# Charlotte Harbor Tarpon



## DuckNut (Apr 3, 2009)

The small ones move along when the big ones come to town because the big ones bring big fish with teeth that eat the little guys. 

Other than that, find a deeper cut between two islands or sandbars and fish the cut.


----------



## Ben (Dec 21, 2016)

Went out last weekend and there were plenty of them rolling around the bar south of Burnt Store marina at dawn. By 8:00 a.m. they disappeared.


----------



## 4991 (Jun 21, 2012)

Look for bait. They are in the harbor. Putting in a couple weeks is hardly any time at all. I wouldn't expect a bunch of people to chime in with their secrets when they have spent many years figuring out the fish.


----------



## skinny_waters (Jan 3, 2018)

I understand and nor do I think a couple weeks is a lot either. Ive spent way longer on other species for sure. Y'all were nice enough to give me a couple hints and that's all I was looking for. Much appreciated.


----------



## Backwater (Dec 14, 2014)

Like Ben mentioned, try along the outside edges of the flats 1st thing in the morning.
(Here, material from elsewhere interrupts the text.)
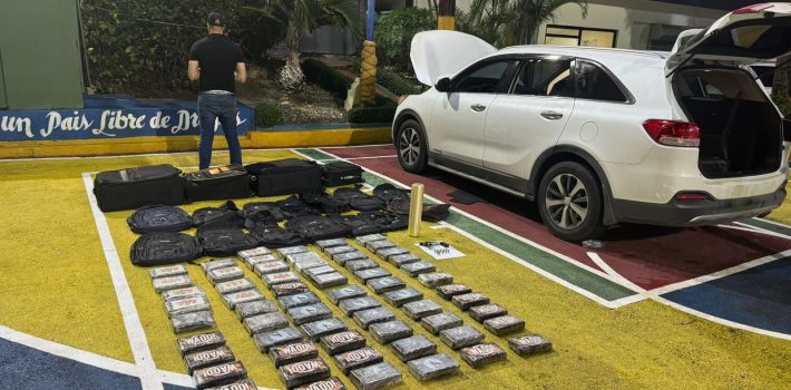Al intervenir el vehículo en la Calle Boulevard del Mar, próximo a la terminal de Punta Cana, se decomisó una maleta que contenía dos mochilas con 29 paquetes de presunta cocaína. Además, se ocuparon un teléfono celular, una placa de vehículo, un pasaporte y otros documentos de interés para la investigación.
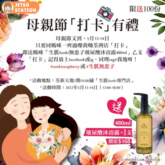 母親節即將來臨,來生肌荃灣店與母親影下合照打卡,將合照分享至社交平台,tag上生肌官方社交帳號,同埋 #sunkisoapberry 或 #生肌無患子 ,更可獲得由生肌贈送的【無患子玻尿酸沐浴露】480ml乙支。

They also move up river in all the rivers when it starts to get hot like this. Also check up in the deeper residential canals.


----------



## skinny_waters (Jan 3, 2018)

SW


----------



## DBStoots (Jul 9, 2011)

Excellent! Nice catch. Now YOU'RE hooked!


----------



## Backwater (Dec 14, 2014)

Way to go!


----------



## Backcountry 16 (Mar 15, 2016)

Nice


----------



## jabee (Jun 8, 2017)

Yep, You'll be hooked forever now !


----------



## Dawhoo (Oct 27, 2015)

I haven't seen too many in the harbor, but they are thick in the mornings in the deeper residential canals.


----------